[Game: Spelunky 2, Mossmouth, 2020]
Motivations to Spelunk:

On Spelunky 2, and Three Corruptible Virtues of Implementing Achievements for Games

 

Introduction:

This essay begins with a confession, one that feels on-par with admitting that one collects rocks or baseball cards or a similarly useless class of artifacts: I like achievements. In games that I am already enjoying, I actively make an effort to get achievements provided it does not impede that preexisting enjoyment. In fact, far from being impediments, I have often found that certain types of achievements lead to goals and playstyles that enhance the experience of a game. And if nothing else, purposefully attaining 100% achievement completion for a game can be a method of paying tribute to a game of exceptional quality—or of feeling that one has reached a satisfactory conclusion in otherwise endless affairs like roguelikes, arcade-style games, or even normal linear games that one can not seem to cease replaying.

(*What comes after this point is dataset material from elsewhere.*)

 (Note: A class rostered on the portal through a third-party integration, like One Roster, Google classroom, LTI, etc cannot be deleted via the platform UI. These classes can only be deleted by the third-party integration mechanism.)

In this article, I shall be covering the three clearest ways that achievements can be used for potential gains in terms of player experience and engagement. My main example in making this argument shall be Spelunky 2, as I believe that it and its predecessor represent nearly perfect implementations of achievements across all three categories to be covered.

The garden of achievements, however, is not filled exclusively with roses. There are a great many weeds and poisonous herbs to be found growing there. Achievements are often an afterthought, tacked onto a game by weary developers at the end of long projects, and—even when implemented with intention—may nevertheless include tedious, unappealing, or even exploitative goals. Thus, in each section of this article, after presenting the possible virtues of each prominent achievement type (with reference to Spelunky 2), I will also cover the vices and corruptions to which each type is vulnerable (with accompanying examples from other titles).

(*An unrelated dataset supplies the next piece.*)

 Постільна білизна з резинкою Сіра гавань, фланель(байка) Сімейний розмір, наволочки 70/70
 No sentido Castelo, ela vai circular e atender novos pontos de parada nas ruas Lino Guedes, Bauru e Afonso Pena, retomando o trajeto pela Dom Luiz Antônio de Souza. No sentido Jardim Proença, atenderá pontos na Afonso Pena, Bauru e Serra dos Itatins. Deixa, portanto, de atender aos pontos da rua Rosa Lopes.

Spelunky 2 screenshot with Pilot approaching golden idol in Tide Pool - achievements

For consistency’s sake, and because it is the platform through which I personally access the majority of games, all of the examples in this essay will be restricted to achievements on Steam. This will have the additional virtue of preventing me from appealing to extrinsic virtues that achievement systems have on some platforms, where they can be used to unlock cosmetic customizations and the like. Today, we’re just focusing on the utility of achievements themselves.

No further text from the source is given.